→ **Data supplied**
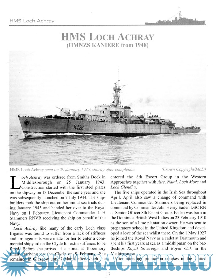 Year: 2013 Language: english Author: Patrick Boniface Genre: History Format: PDF Quality: Scanned pages Pages count: 264 Description: The Loch class was to prove to be amongst the best A/S frigates produced by Great Britain during the war, although most of the class only entered service from 1944 onwards. 110 ships were projected, but with the end of the war only 28 were completed as such. This volume records the design and service record of these vessels.
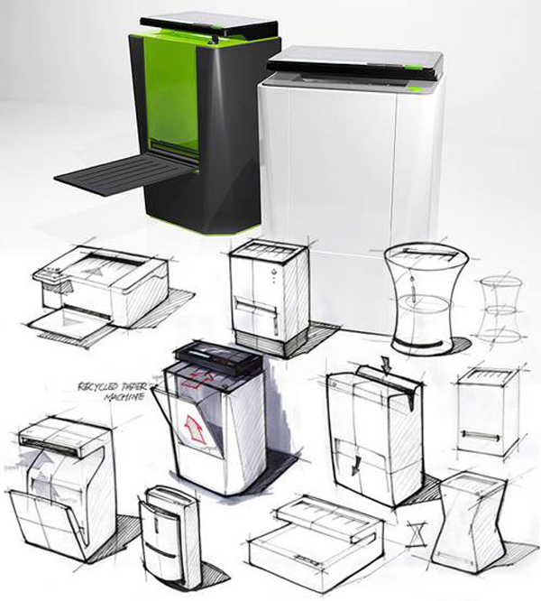 工業設計者 的設計構思,包括 產品的整體外型、各種細節特徵的相關位置、顏色、材質....及考慮產品使用時的人因工程學。
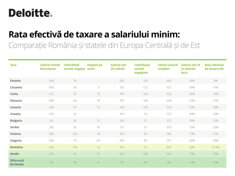 Salariul minim brut din Romania depășește media regiunii Europei Centrale și de Est. În același timp, are cea mai ridicată rată efectivă de taxare dintre statele din regiune, de 41,5%, potrivit unei analize Deloitte România.
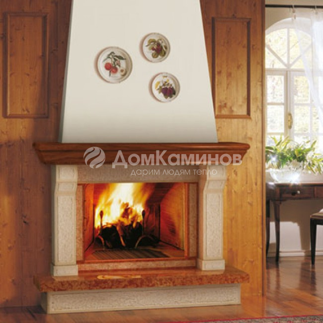 Пристенный или полувстроенный камин Bolzano Totale изготовлен из белоснежного натурального камня. Он украшен полкой из красного мрамора и резной деревянной балкой, облицованной шпоном и покрашенной под орех. Эта элегантная облицовка от производителя Palazzetti создаст атмосферу тепла и уюта в Вашем доме.
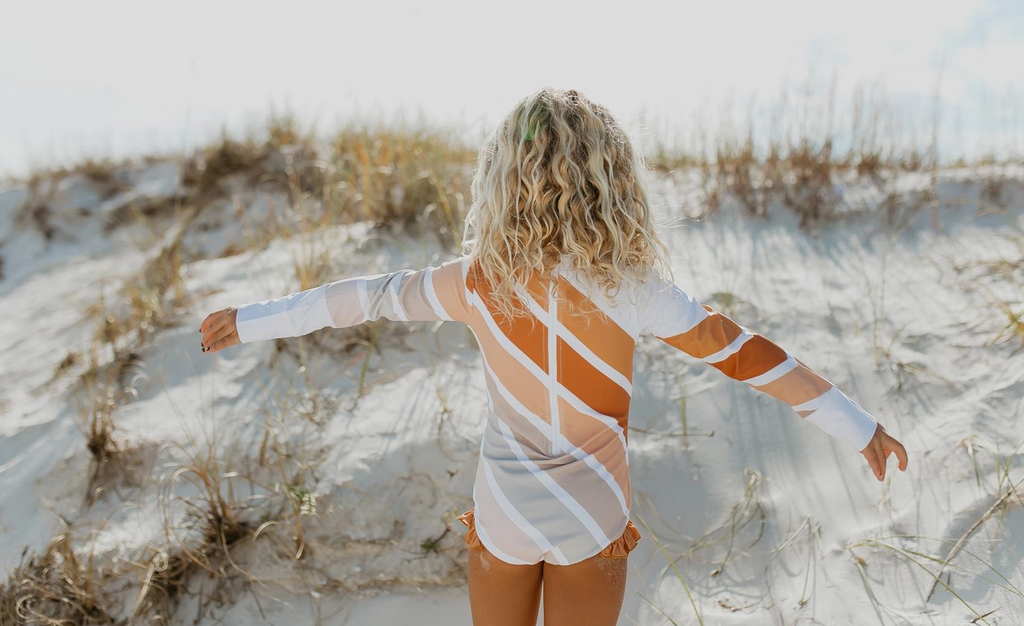 Onepiece full back zipper swimsuit with built-in rash guard. Modern neutral tones in this beige striped rainbow print. Clean lines and great coverage to keep your girl looking fabulous and protected from the harsh summer sun.
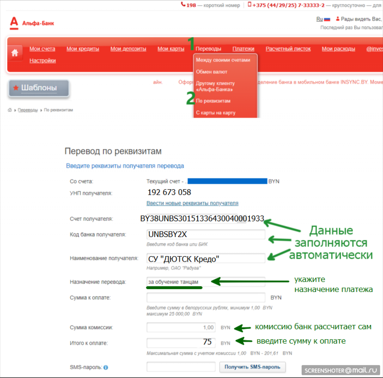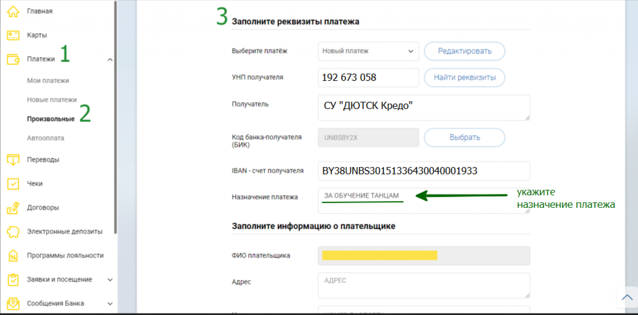- в Интернет-банкинге выберите "произвольный / индивидуальный платеж (не бюджет)" или "Оплата по реквизитам" и укажите наши реквизиты.
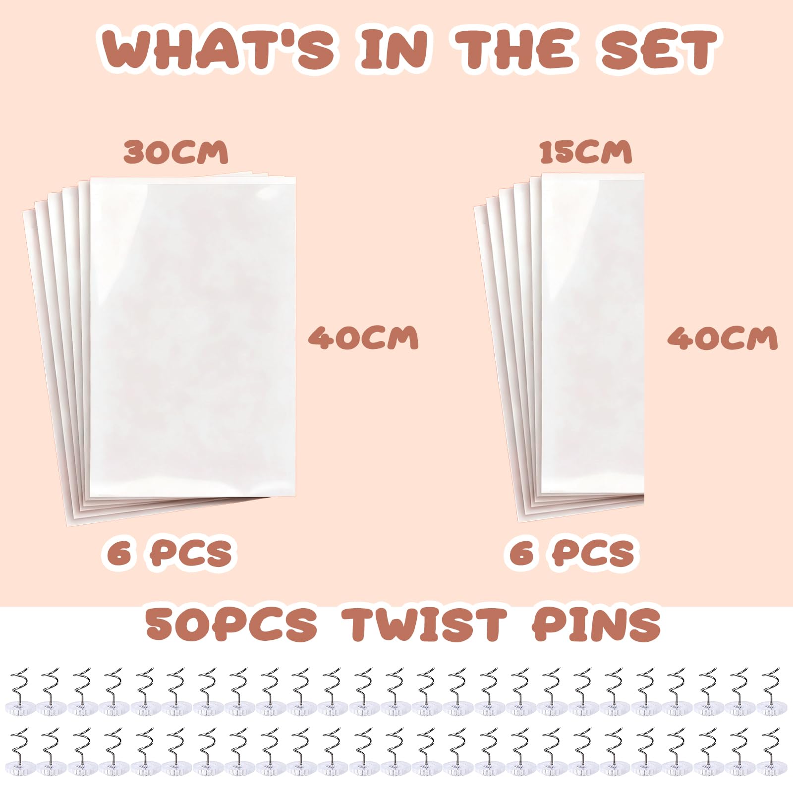 • 【LARGE COVER SIZE】The set includes a total of 12 pieces of cat scratch protection tape for furniture and 50 twist pins to secure it. With 6 pieces measuring 40cm x 30cm and 6 pieces measuring 40cm x 15cm, it's enough to cover most furniture surfaces.

→ **Instructions for the task**
Your task is to repeat the data above exactly while excluding the pictures.

→ **Your solution**
 Year: 2013 Language: english Author: Patrick Boniface Genre: History Format: PDF Quality: Scanned pages Pages count: 264 Description: The Loch class was to prove to be amongst the best A/S frigates produced by Great Britain during the war, although most of the class only entered service from 1944 onwards. 110 ships were projected, but with the end of the war only 28 were completed as such. This volume records the design and service record of these vessels.
 工業設計者 的設計構思,包括 產品的整體外型、各種細節特徵的相關位置、顏色、材質....及考慮產品使用時的人因工程學。
 Salariul minim brut din Romania depășește media regiunii Europei Centrale și de Est. În același timp, are cea mai ridicată rată efectivă de taxare dintre statele din regiune, de 41,5%, potrivit unei analize Deloitte România.
 Пристенный или полувстроенный камин Bolzano Totale изготовлен из белоснежного натурального камня. Он украшен полкой из красного мрамора и резной деревянной балкой, облицованной шпоном и покрашенной под орех. Эта элегантная облицовка от производителя Palazzetti создаст атмосферу тепла и уюта в Вашем доме.
 Onepiece full back zipper swimsuit with built-in rash guard. Modern neutral tones in this beige striped rainbow print. Clean lines and great coverage to keep your girl looking fabulous and protected from the harsh summer sun.
- в Интернет-банкинге выберите "произвольный / индивидуальный платеж (не бюджет)" или "Оплата по реквизитам" и укажите наши реквизиты.
 • 【LARGE COVER SIZE】The set includes a total of 12 pieces of cat scratch protection tape for furniture and 50 twist pins to secure it. With 6 pieces measuring 40cm x 30cm and 6 pieces measuring 40cm x 15cm, it's enough to cover most furniture surfaces.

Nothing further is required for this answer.